Some Common Myths Of Ankyloglossia Debunked

Ankyloglossia

Ankyloglossia or tongue-tie is an abnormal condition present at birth, which restricts the circle of motion produced by tongue. In this case, a tight or thick tissue band called lingual frenulum ties the tongue’s bottom to the mouth’s floor. Not only does it make it difficult to stick out the tongue, but also affects the way a child speaks, eats and swallows. A few cases may even require a simple surgical process for rectification. However, there are some myths in circulation about this abnormality that needs to be debunked.

Tongue-Tie Is A Common Occurrence

No one can claim the fact that the prevalence of tongue-tie is quickly increasing. There is no accurate study which materializes this notion. It may be a population-based condition, but in order to declare this as a fact, proper research and studies must be done.

Tongue-tie Is Connected To Lip Tie

It is a misconception that a baby having a tongue-tie has an upper tie as well. This is not true at all. You don’t even know what actually is a lip tie, and there is no valid tool to assess the issue with anyone. On lifting the upper lips, if you see the gums turning white with a tight frenulum, your baby may be having a lip-tie.

Laser Is A Better Option Than Scissors Frenectomy

There is no reliable evidence to support this statement. Any sort of benefits are merely postulated. Also, it’s not necessary to perform a deep frenectomy for the baby to achieve an optimum motion range with a lighter snip.

Laser Frenectomy Is Totally Safe

Lasers can do some significant damage, if not handled properly. A professional practitioner will always employ safety rules to use laser equipment. There are various types of LASERs, with some of them suitable for soft-tissue surgery. Wrong choice of laser can create unnecessary scar tissues and damage collateral tissues as well.

Post-Surgical Care Prevents Re-Attachment

In order to prevent re-attachment or formation of excessive scar tissue, the scar tissue in the wound bed must be wrecked down a number of times. According to a study, frenum is a type of fascia, known as tendon. Scar tissue breakdown in the wound bed leads to myofibroblast laying down a condensed network of collagen.

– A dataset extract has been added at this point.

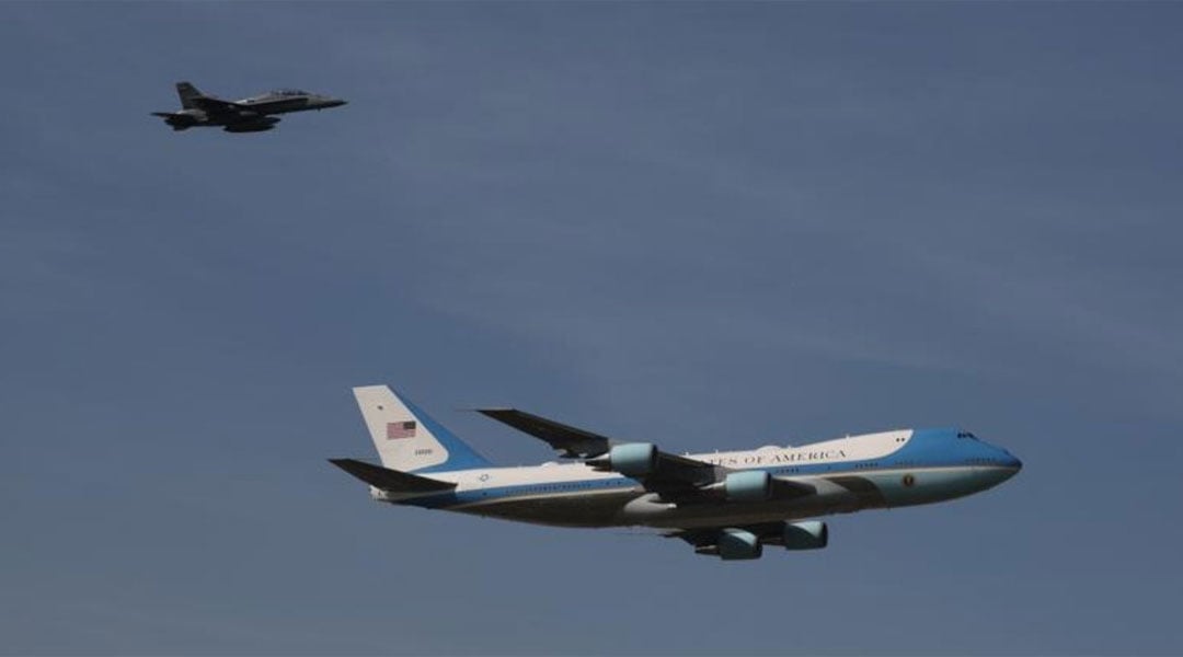 特朗普率代表团乘坐专机于周日(10月26日)早上9时54分左右,抵达吉隆坡国际机场(KLIA),首相安华亲自在大红花贵宾厅接机。

Gentle care is better, both psychologically and physiologically. There is absolutely no need to give baby trauma, with a hostile management post-surgery.

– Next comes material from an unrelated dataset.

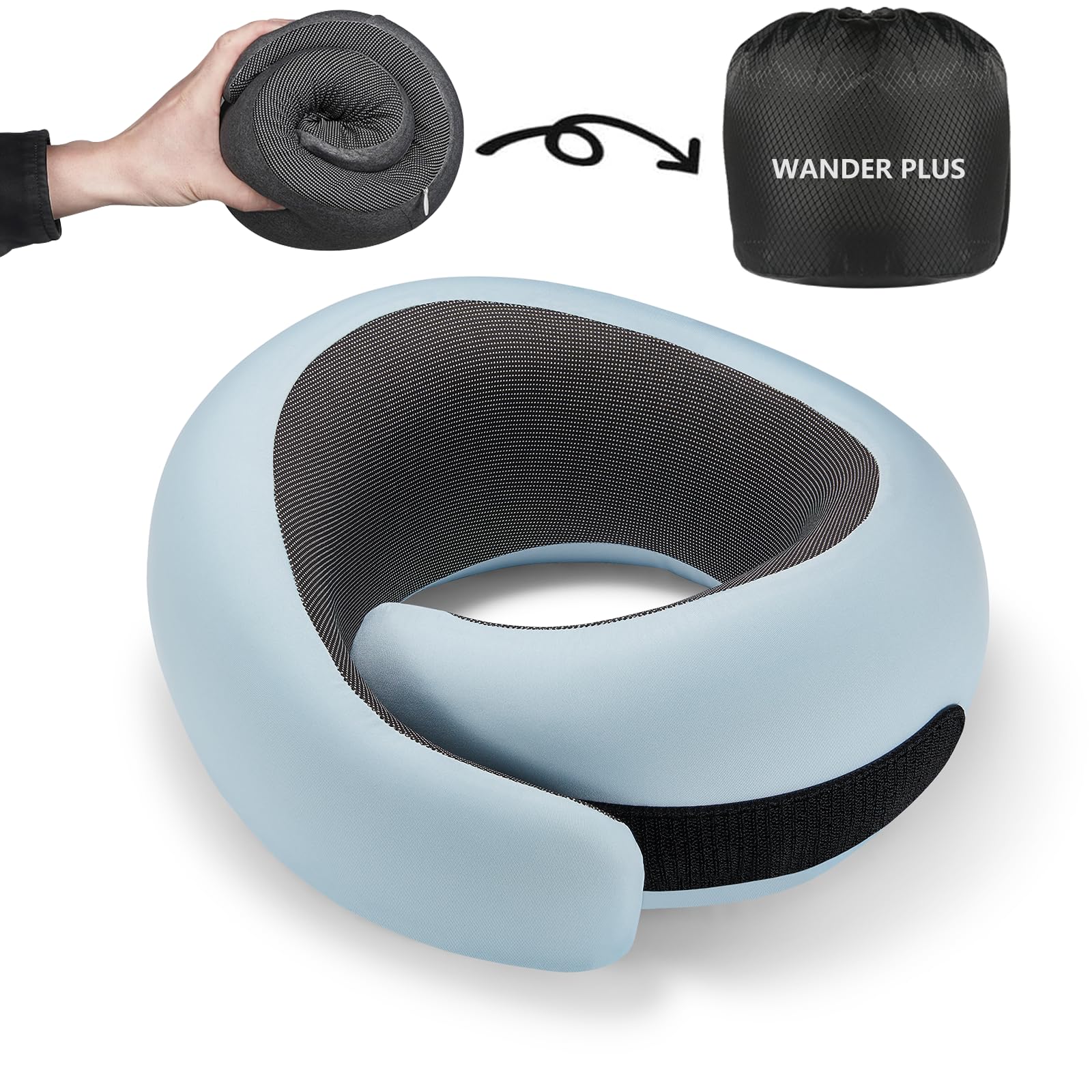 WANDER PLUS® Genuine Travel Pillow, 100% Pure Memory Foam Neck Pillow for Airplanes, Comfortable Breathable Cover, 360° Support Stowable Pillows for Sleeping, Car, Airport Travel Essentials Sky Blue

A Posterior Tie Exists Behind Every Frontal Tie

Going by histology, this is not 100% true.  It can be a misguiding statement if the objective is to hearten physicians to eliminate enough tissues to sufficiently activate the tongue. It is more practical to state that enough tissues must be taken out without cutting into the muscle, in order to restore optimum tongue mobility.

Any Medical Consultant Can Assess Tongue-Tie

Any profession requires the member to be trained specifically for a particular phenomenon. For that reason, not all consultants are trained to evaluate a tongue-tie condition. It’s always advisable to ask the ENT doctor, if he/she is trained for that purpose.